Their “satellite” watches have been around for just over a decade; while not quite “familiar”, their method of showing the time no longer strikes enthusiasts as bizarre. Rotating discs connected to a centrally-pivoting trio or quartet of arms line up their numbers with an arced scale along the bottom. The number on the disc is the hour; the pointer below it indicates the minutes, as shown on the arc. Simple, clever and almost intuitive, it is still a break from either easy-to-read hands or plain digits.

If one points out that too many new watches are almost impossible to decipher, Felix admits that, “You see a lot of the new brands, and sure enough, they are very tough to read. With the satellites, we started 12 years ago – we are no longer a start up – the system is actually a very comfortable way of reading the time. With only one glance, you know immediately what time it is.
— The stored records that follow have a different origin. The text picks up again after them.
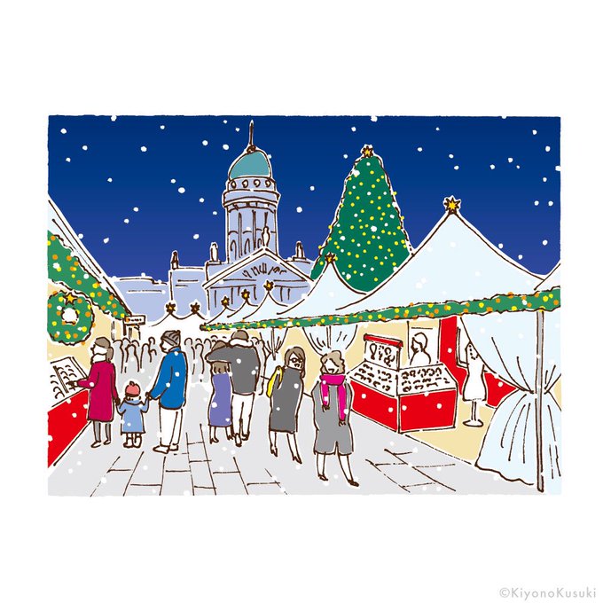 ドイツのベルリン、ジャンダルメン広場のクリスマスマーケットを描きました。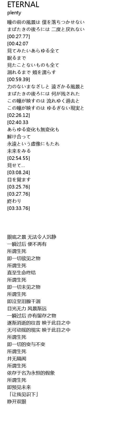 | [02:47.26][02:40.33][02:33.56][02:26.75] | 死、生 |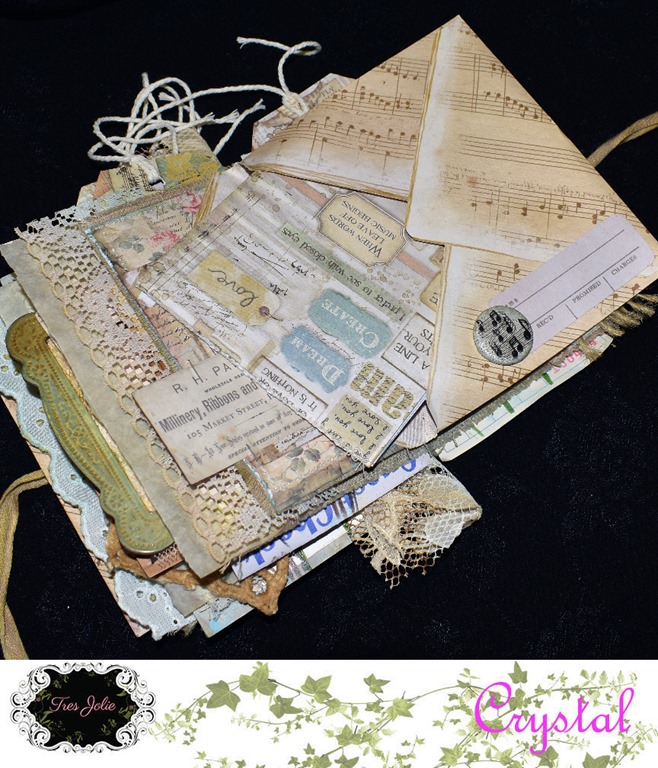 I cut out the ATC sized cards from the paper and attached them to one side of the popcorn bag that came in my kit! (Your bag may be different) I turned the two music prints into envelopes and added them in, and peeking out of this one is a little notebook I made from the largest left-over piece I had and some standard notebook paper.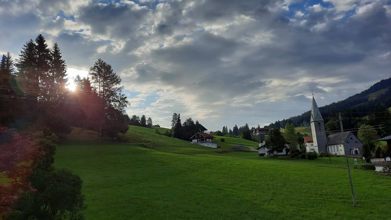 Blick vom Balkon in die Morgensonne.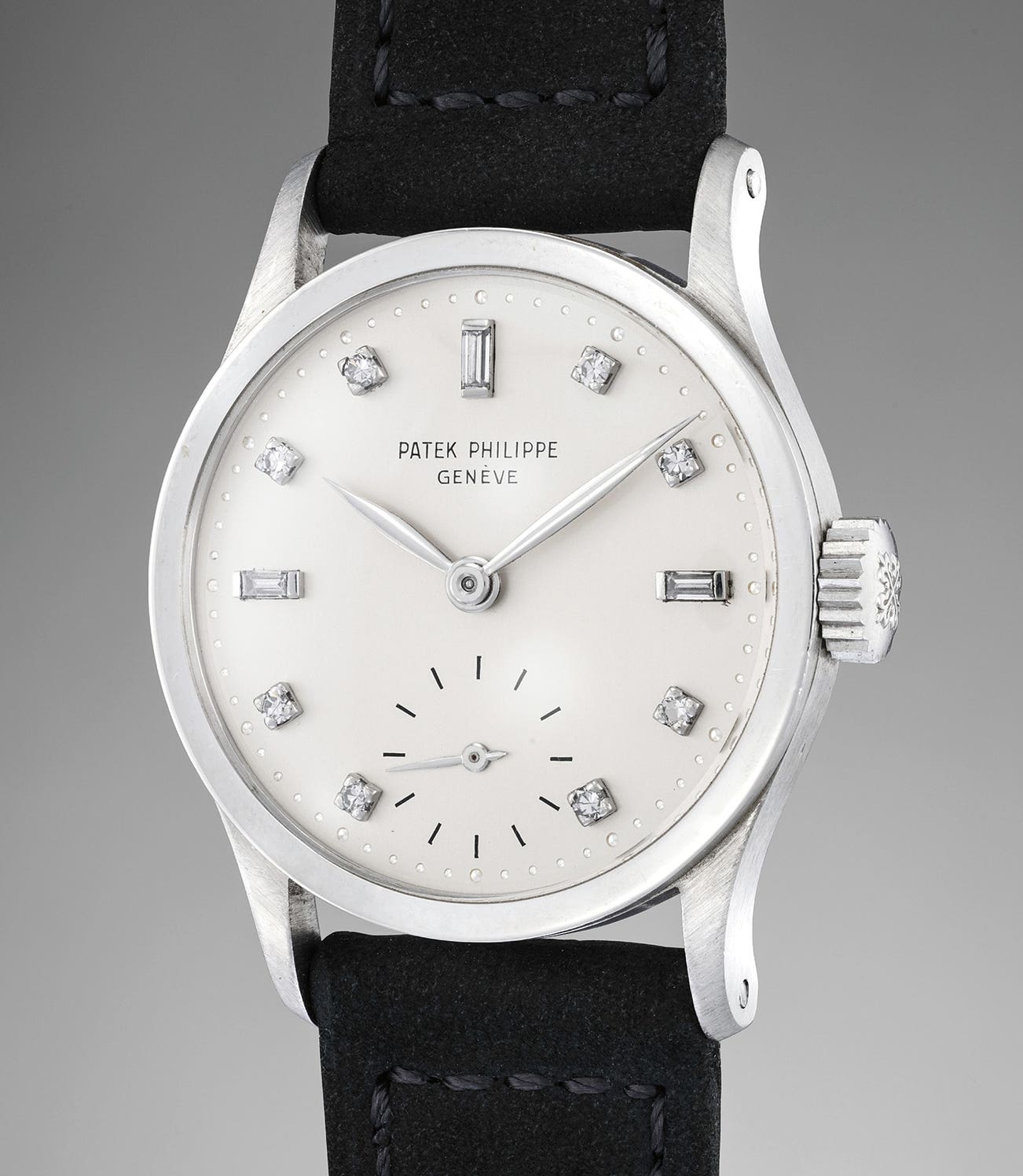 In production from 1932 until 1973, reference 96 was most often cased in yellow gold, as well as in stainless steel steel, pink gold, white gold and more rarely, in platinum. The present model in platinum with diamond indexes is one of the most exclusive versions of this iconic reference as it is one of only 40 known in this configuration.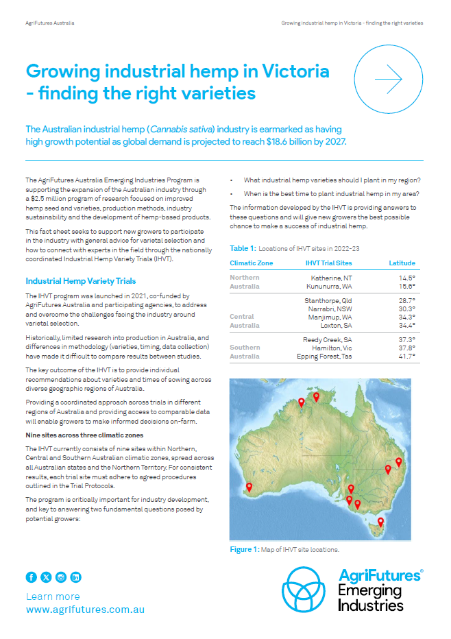 This fact sheet seeks to support new growers to participate in the industry with general advice for varietal selection and how to connect with experts in the field through the nationally coordinated Industrial Hemp Variety Trials (IHVT).
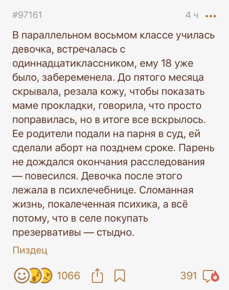 Моей бабушке был 81 год, когда она умерла. Больше 20 лет она не ходила, а последние 4 года лишь лежала. Моя мама все годы ухаживала за ней. Мне было 16, когда я проснулась с утра от плача матери. Она случайно сломала бабушке руку. Приехала скорая, наложили гипс, но это было бесполезно, в её возрасте и положении кости не срастаются. Она ничего не понимала, боли не чувствовала и угасла за неделю. После её смерти, очень мучительной, ко мне подошла мед работник, которая осматривала её тело и омывала. Спросила, не жаловалась ли бабушка на боли в ноге. Да, такое было, я сказала об этом. Оказывается, бедро было сломано, больше полугода, и немного срослось к моменту смерти. Мама не знает этого до сих пор. Я не могу представить, какие муки вынесла моя бабушка. И очень боюсь, что подобное может случится со мной.
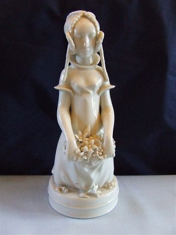 Royal Copenhagen Figurine Huguenot Girl No 12461. Måler 20cm and has a few chips. Designed by Arno Malinowski.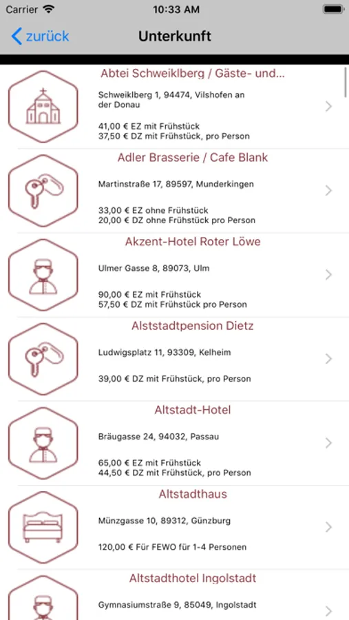 Sie sind mit dem Fahrrad unterwegs oder reisen in ihrem Fahrzeug - hier finden Sie Unterkünfte in jeder Ortschaft entlang der Donau. Wir haben vom 5-Sterne-Hotel bis zur Pension über Ferienwohnung bis zum Campingplatz in einer Entfernung bis zu ca. 2 km zur Donau für Sie eine umfangreiche Kontaktliste zusammengestellt. Je nach Ihrem Tagespensum, ob 20 km oder 150 km, wählen Sie ihren Zielort und geniessen Sie die Qual der Wahl für sich die richtige Unterkunft zu finden. In Ihrem Urlaub, auf Ihrer Radreise, beachten Sie bitte in der Hauptsaison (Mai bis September) Zimmer vorab zu reservieren.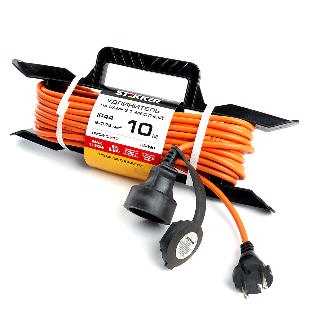 Удлинители STEKKER HM02-02-10, серия Home, цвет оранжевый, длина 10 м, количество розеток 1, сталь, сечение кабеля 0.75 мм2, тип кабеля ПВС, материал кабеля медь, ток 10А, напряжение 220В, максимальная нагрузка 2200Вт, тип вилки - прямая. Диапазон рабочих температур +1..+35°C, степень защиты IP20, класс защиты от поражения эл. током 2, размеры изделия 398*165*155. Гарантия 1 год.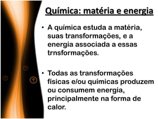 1) Reações químicas podem liberar ou absorver calor;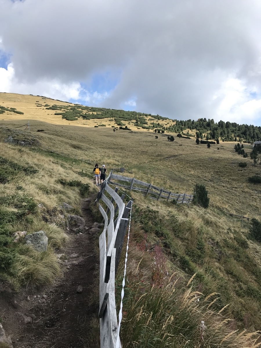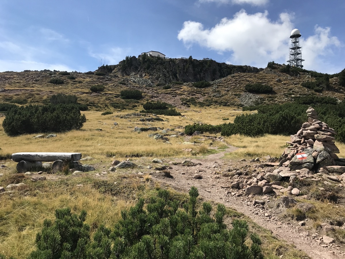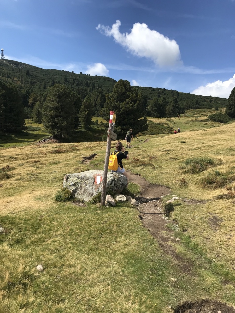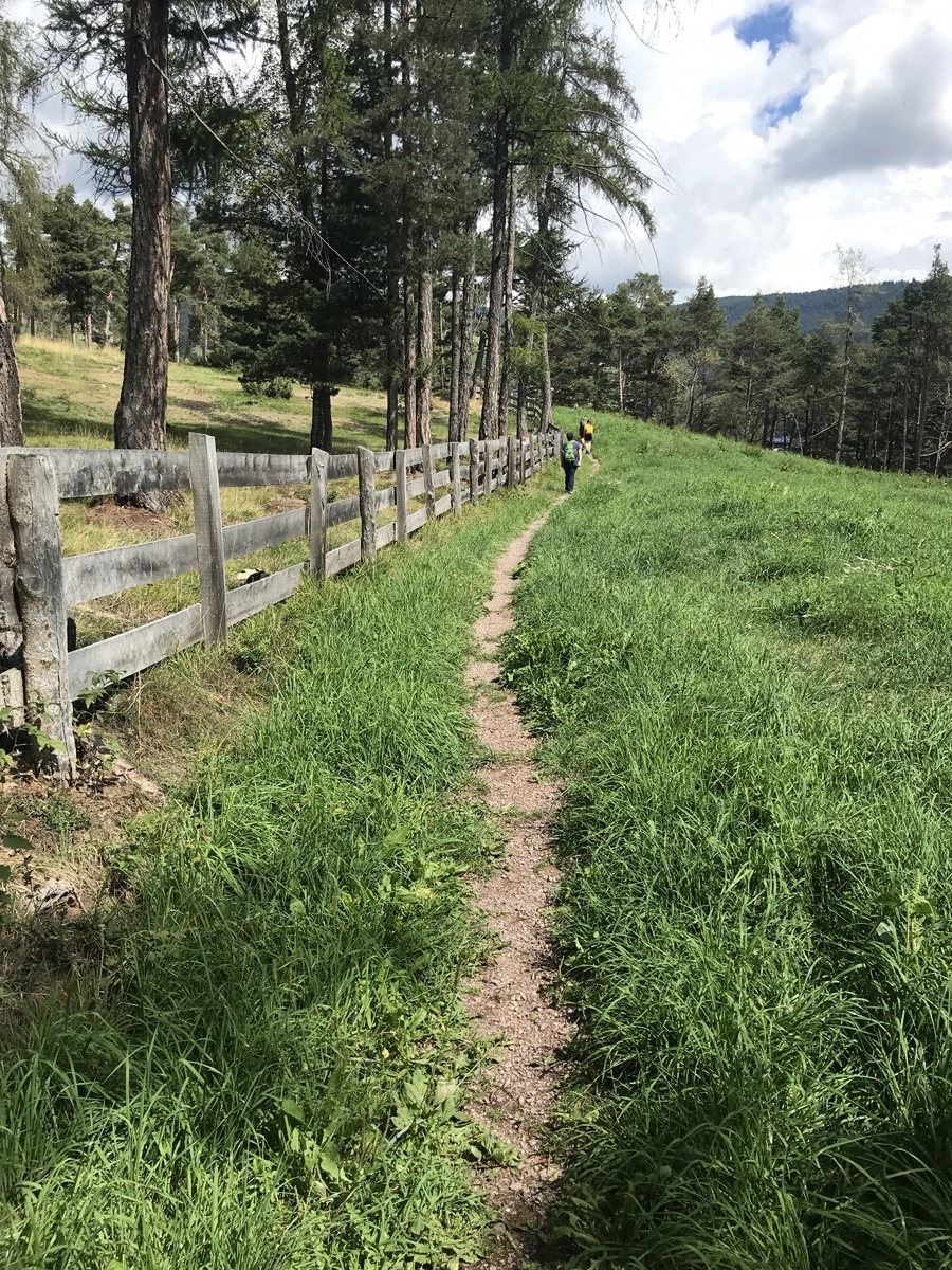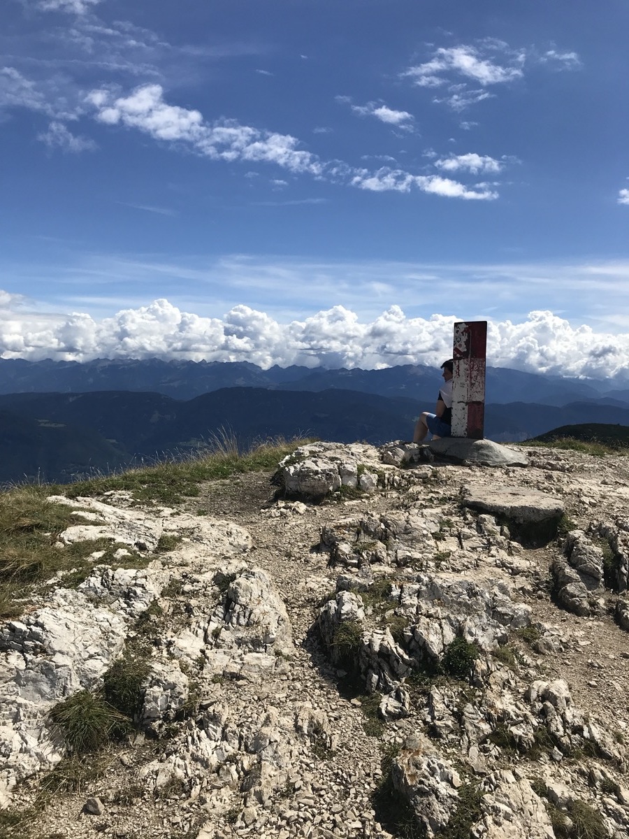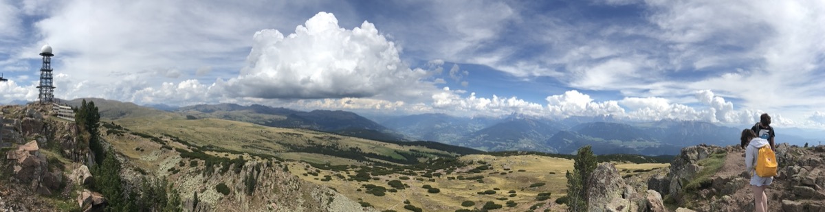 Das Rittner Horn erreicht man mit einem gut abgestimmten ÖPNV-Mix. Zuerst mit dem Bus zur Talstation der Rittner Seilbahn, die in unmittelbarer Nähe zum Bahnhof liegt. Hoch aufs Plateau und ab in die Schmalspurbahn bis Endhaltestelle Klobenstein, weiter mit dem Bus zur Talstation der Seilbahn Rittner Horn. Bis hierhin alles im WinePass enthalten. Die letzte Seilbahn kostet dann extra. Oben am Berg kann man dann entweder sehr direkt und einfach bis zum Gipfel laufen (ca. eine Stunde). Wir entscheiden uns für einen Teil der Südtiroler Himmelstour. Die ist sehr hübsch, es ist wenig los, aber dafür ist es, v.a. im letzten Abschnitt ganz schön steil. Der Ausblick entschädigt aber alles.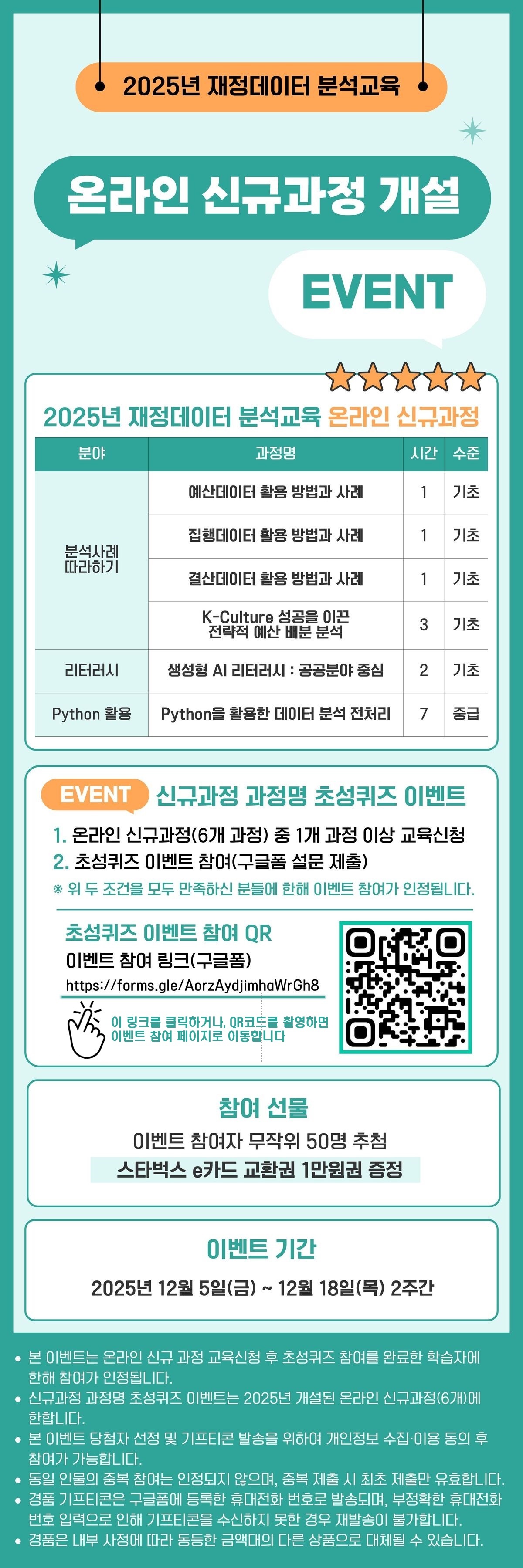 안녕하세요. 한국재정정보원 재정분석교육센터는 재정데이터를 실제 업무에 활용할 수 있도록, ‘재정데이터 분석 교육’을 통해 실무 중심의 분석 역량 강화를 지원하고 있습니다. 이번 온라인 신규 과정 6개 과목 개설을 기념하여 초성퀴즈 이벤트를 마련하였습니다. 온라인 신규 과정을 신청하시고, 초성퀴즈에 참여하신 분들 중 추첨을 통해 총 50명에게 모바일 기프티콘을 드립니다. 온라인 신규 과정에 많은 관심 부탁드립니다. 감사합니다.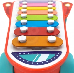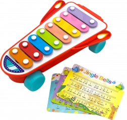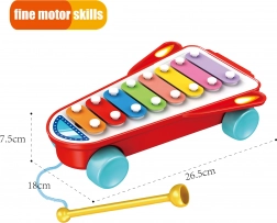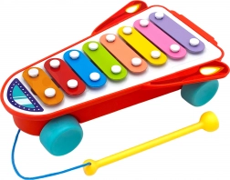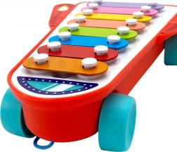 Xylofon funguje jako hudební nástroj i jako barevná tahací hračka díky pevným kolečkům a připevněné paličce.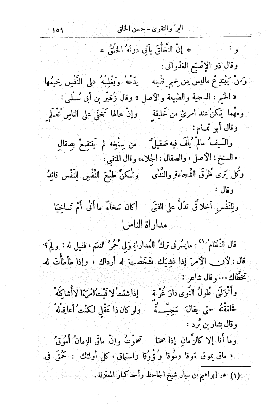 قال النظّام: ما يسرّني تركُ المداراة ولي حُمْرُ النّعَم، فقيل له: ولِمَ؟ قال: لأن الأمر إذا غشيك فشخَصْتَ له أرْداك، وإذا طأطأت له تخطّاك. . . وقال شاعر: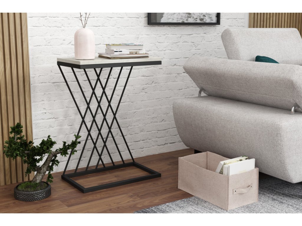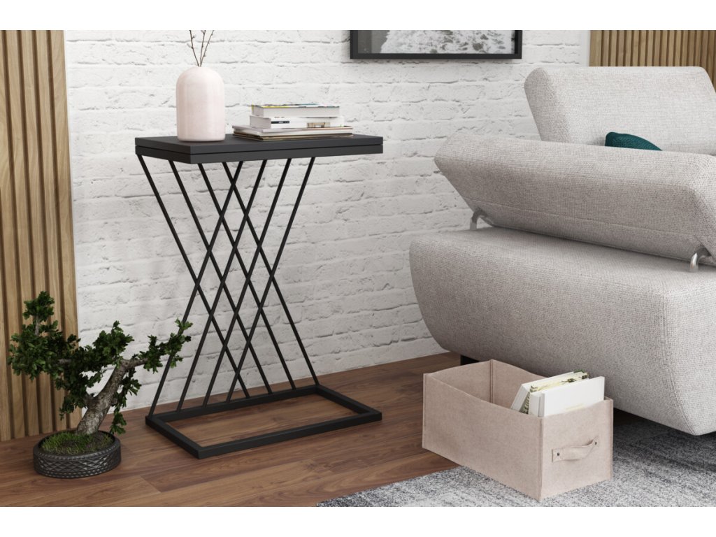 Deska stolku je vyrobená z laminované desky v moderních dekorech, které jsou doplněné o ozdobně překřížené podnoží z kovu. Spojení těchto prvků z něj tvoří nadčasový kousek, skvěle padnoucí do moderních interiérů.

And,” he adds, “you don’t have to turn your wrist to look at the dial.” He feels that an owner will be totally comfortable with the layout “after only two or three days.”

Frei explains Urwerk’s approach to the display philosophy – no dial, no hands – in terms that reinforce the Hesse-like fascination with intellectual complexity. “When you show time in a different way, you experience time in a different way – like speaking different languages.” If you let him, Frei can also illustrate how different cultures, during different eras, wouldn’t even recognise our linear approach to the passage of our lives.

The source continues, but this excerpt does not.